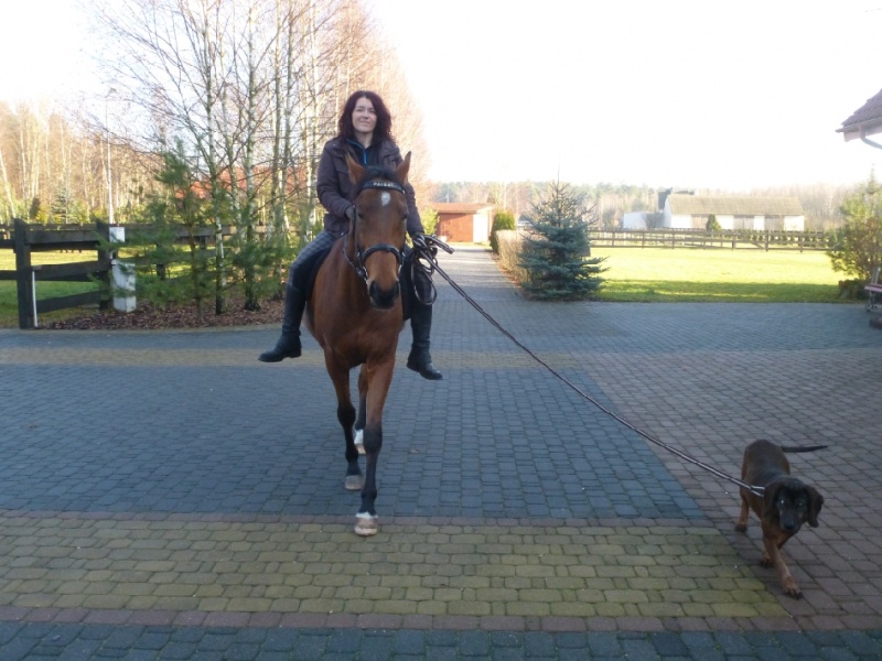 Psy w terenie są bardzo nawet przydatne, dzierżawiłam klacz w stajni w Małopolsce (ale to nie ważne). Przed jazdą, postanowiłam z koleżanką wybrać się na rozstępowanie do lasu, ( była tam ścieżka, raz nią jechałyśmy i pamiętałyśmy mniej więcej drogę, poza tym była prosta, więc myślałyśmy,że nie ma szansy się zgubić) W teren poszły z nami 3 bardzo dobrze wyszkolone border collie, trzymały się nas , odchodziły kawałeczek, ale po zawołaniu wracały. Do póki nie spotkaliśmy po drodze sarny. Nim się obejrzałyśmy psów nie było. Wołamy wołamy, ale nie przychodzą, nagle z za krzaków wyskoczyły 2 ( oczywiście konie się wystraszyły,ale wszystko do opanowania). Ale jeden nie przyszedł, zaczęłyśmy go szukać, weszłyśmy w głąb lasu, zeszłyśmy ze ścieżki ( oczywiście się zgubiłyśmy), po około 25 minutach znalazłyśmy psa bawiącego się patykiem, eh. Nie wiedziałyśmy jak wrócić, ale na nasze szczęście psy znały doskonale okolice i zaprowadziły nas z powrotem do stajni. Mam taką nauczkę teraz,że nie ważne jak dobrze wyszkolone byłyby psy, to będę je brać na lonży w teren tak jak tunrida zrobiła.
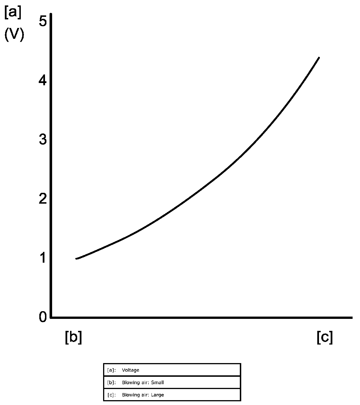 3. Check that voltage varies depending on amount of blowing air as the following graph. If faulty condition is found, replace MAF and IAT sensor.
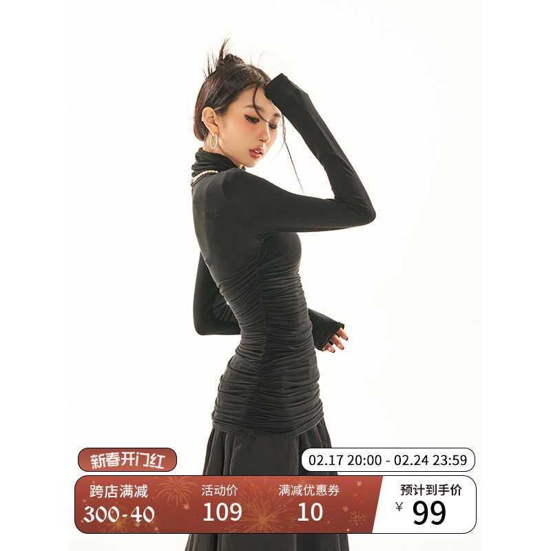 野生zerocircle黑灰白色针织上衣女秋冬修身中长款内搭高领打底衫
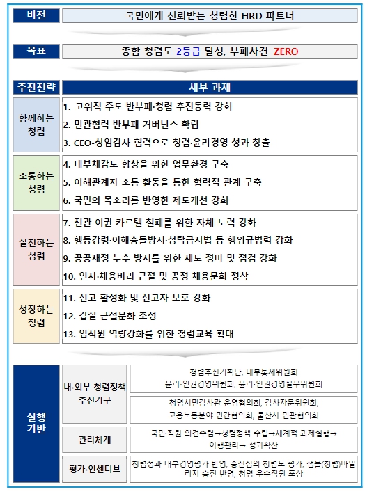 공단은 기획단 운영을 통해 ‘국민에게 신뢰받는 청렴한 HRD 파트너’를 비전으로 4개 분야 13개 세부 과제를 추진한다. 또한 고위직의 적극적 참여를 기반으로 다양한 채널을 통한 전 세대·직급 간 소통을 실시하고, 반복되는 민원사항에 대한 의견수렴 및 제도개선으로 국민 고충을 해결한다. 이를 통해 내·외부 체감도 향상을 위한 자체 노력을 강화할 예정이다.
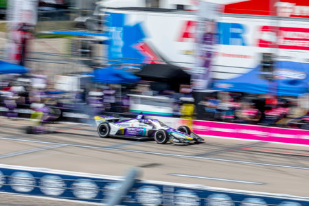 NTT INDYCAR SERIES driver, SANTINO FERRUCCI (14) (USA) of Woodbury, Conneticut, comes off pit road during the Bommarito Automotive Group 500 at World Wide Technology Raceway in Madison IL.
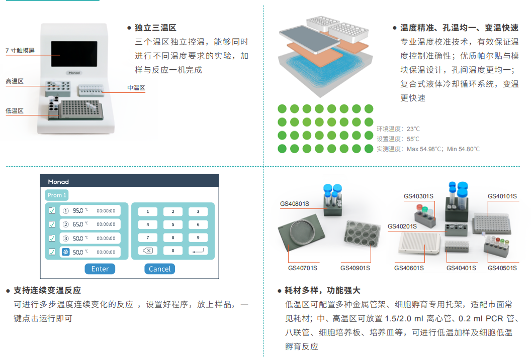 NaCha Pro多溫區(qū)工作臺,是NaCha多溫區(qū)工作臺的升級版,同樣擁有三個獨立溫區(qū),點擊屏幕即可輕松設(shè)置各溫區(qū)的反應(yīng)溫度和時間,推薦用于低溫加樣及中、高溫的溫育反應(yīng)。優(yōu)質(zhì)的帕爾貼與精準的溫度校準技術(shù),配合復合式液體冷卻循環(huán)系統(tǒng),有效保證溫度控制準確性與孔間溫度均一性,實現(xiàn)快速變溫。NaCha Pro 擁有更寬廣的溫度范圍,中溫區(qū)可進行連續(xù)變溫,多步反應(yīng)一臺機器即可完成。同時增加了高溫區(qū) 1.5/2.0 ml 孔的通量,支持多個樣本高溫變性及孵育反應(yīng)。低溫區(qū)可搭配各類金屬管架,進行低溫加樣及細胞低溫孵育反應(yīng),全方位多功能支持您的實驗,獲得穩(wěn)定準確的結(jié)果。
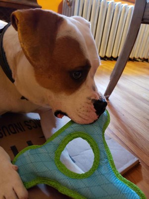 This is a super durable dog toy that will last a long time. I have two large Boxers and they have had fun with it playing tug of war and they each can hold onto one of the sides. Really like that it won’t be destroyed in a day.
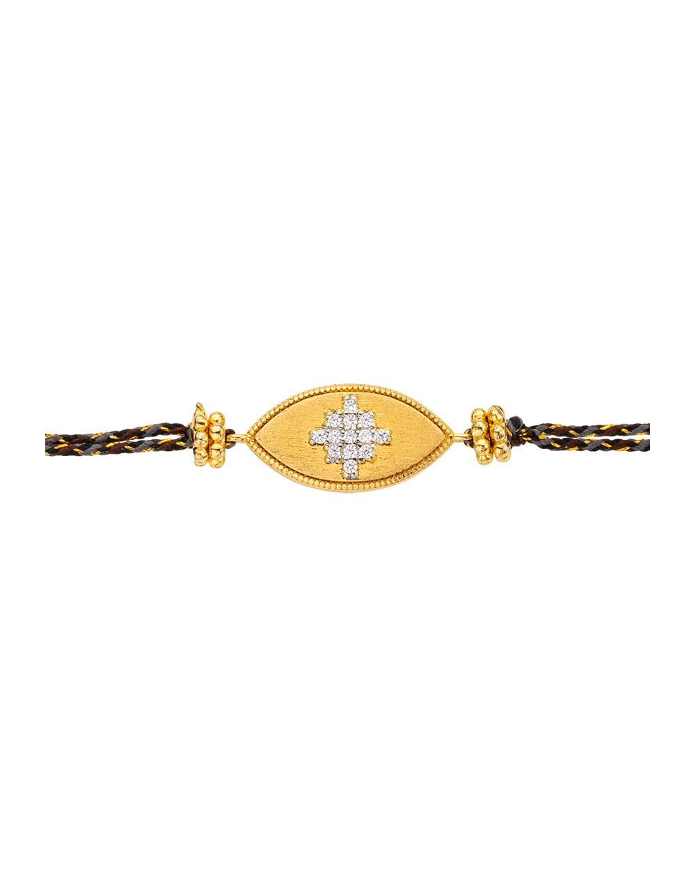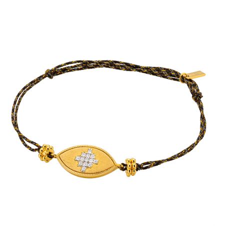 De Bella Iris van Mya Bay is een verfijnde armband die tijdloze elegantie en symboliek combineert. Hij is vervaardigd aan een zwart en goud gevlochten koord en heeft een ovaal medaillon van 24-karaats verguld goud, subtiel versierd met een glinsterend wit zirkonia kruis.
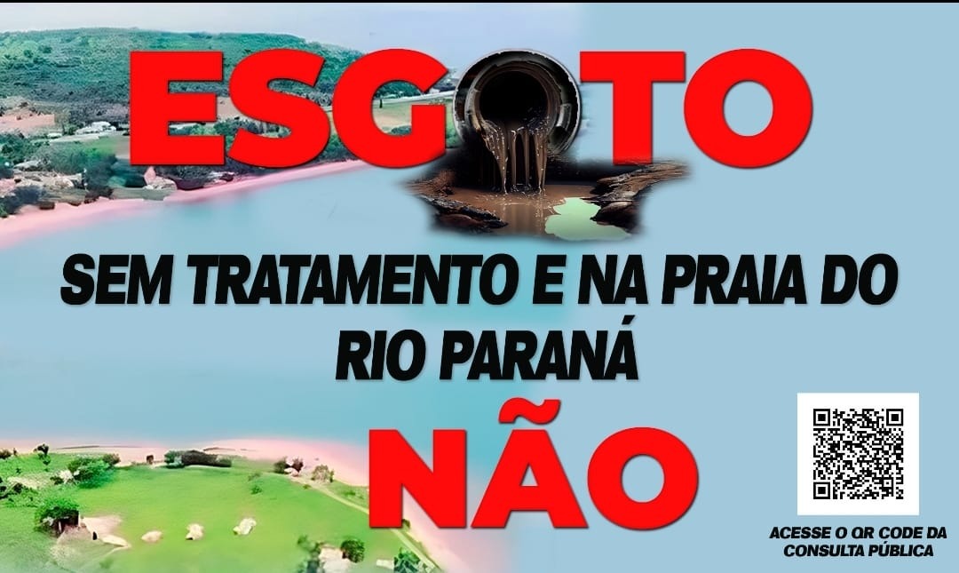 A ONG SOS Rio Paraná, que há 10 anos atua em ações contra emissão de esgoto no rio, é responsável pela campanha “Esgoto sem tratamento e na Praia do Rio Paraná, não”.

**Exercise aim:** Hand back every line of the material, exactly, without the pictures.

**Solved exercise:**
 Psy w terenie są bardzo nawet przydatne, dzierżawiłam klacz w stajni w Małopolsce (ale to nie ważne). Przed jazdą, postanowiłam z koleżanką wybrać się na rozstępowanie do lasu, ( była tam ścieżka, raz nią jechałyśmy i pamiętałyśmy mniej więcej drogę, poza tym była prosta, więc myślałyśmy,że nie ma szansy się zgubić) W teren poszły z nami 3 bardzo dobrze wyszkolone border collie, trzymały się nas , odchodziły kawałeczek, ale po zawołaniu wracały. Do póki nie spotkaliśmy po drodze sarny. Nim się obejrzałyśmy psów nie było. Wołamy wołamy, ale nie przychodzą, nagle z za krzaków wyskoczyły 2 ( oczywiście konie się wystraszyły,ale wszystko do opanowania). Ale jeden nie przyszedł, zaczęłyśmy go szukać, weszłyśmy w głąb lasu, zeszłyśmy ze ścieżki ( oczywiście się zgubiłyśmy), po około 25 minutach znalazłyśmy psa bawiącego się patykiem, eh. Nie wiedziałyśmy jak wrócić, ale na nasze szczęście psy znały doskonale okolice i zaprowadziły nas z powrotem do stajni. Mam taką nauczkę teraz,że nie ważne jak dobrze wyszkolone byłyby psy, to będę je brać na lonży w teren tak jak tunrida zrobiła.
 3. Check that voltage varies depending on amount of blowing air as the following graph. If faulty condition is found, replace MAF and IAT sensor.
 野生zerocircle黑灰白色针织上衣女秋冬修身中长款内搭高领打底衫
 공단은 기획단 운영을 통해 ‘국민에게 신뢰받는 청렴한 HRD 파트너’를 비전으로 4개 분야 13개 세부 과제를 추진한다. 또한 고위직의 적극적 참여를 기반으로 다양한 채널을 통한 전 세대·직급 간 소통을 실시하고, 반복되는 민원사항에 대한 의견수렴 및 제도개선으로 국민 고충을 해결한다. 이를 통해 내·외부 체감도 향상을 위한 자체 노력을 강화할 예정이다.
 NTT INDYCAR SERIES driver, SANTINO FERRUCCI (14) (USA) of Woodbury, Conneticut, comes off pit road during the Bommarito Automotive Group 500 at World Wide Technology Raceway in Madison IL.
 NaCha Pro多溫區(qū)工作臺,是NaCha多溫區(qū)工作臺的升級版,同樣擁有三個獨立溫區(qū),點擊屏幕即可輕松設(shè)置各溫區(qū)的反應(yīng)溫度和時間,推薦用于低溫加樣及中、高溫的溫育反應(yīng)。優(yōu)質(zhì)的帕爾貼與精準的溫度校準技術(shù),配合復合式液體冷卻循環(huán)系統(tǒng),有效保證溫度控制準確性與孔間溫度均一性,實現(xiàn)快速變溫。NaCha Pro 擁有更寬廣的溫度范圍,中溫區(qū)可進行連續(xù)變溫,多步反應(yīng)一臺機器即可完成。同時增加了高溫區(qū) 1.5/2.0 ml 孔的通量,支持多個樣本高溫變性及孵育反應(yīng)。低溫區(qū)可搭配各類金屬管架,進行低溫加樣及細胞低溫孵育反應(yīng),全方位多功能支持您的實驗,獲得穩(wěn)定準確的結(jié)果。
 This is a super durable dog toy that will last a long time. I have two large Boxers and they have had fun with it playing tug of war and they each can hold onto one of the sides. Really like that it won’t be destroyed in a day.
 De Bella Iris van Mya Bay is een verfijnde armband die tijdloze elegantie en symboliek combineert. Hij is vervaardigd aan een zwart en goud gevlochten koord en heeft een ovaal medaillon van 24-karaats verguld goud, subtiel versierd met een glinsterend wit zirkonia kruis.
 A ONG SOS Rio Paraná, que há 10 anos atua em ações contra emissão de esgoto no rio, é responsável pela campanha “Esgoto sem tratamento e na Praia do Rio Paraná, não”.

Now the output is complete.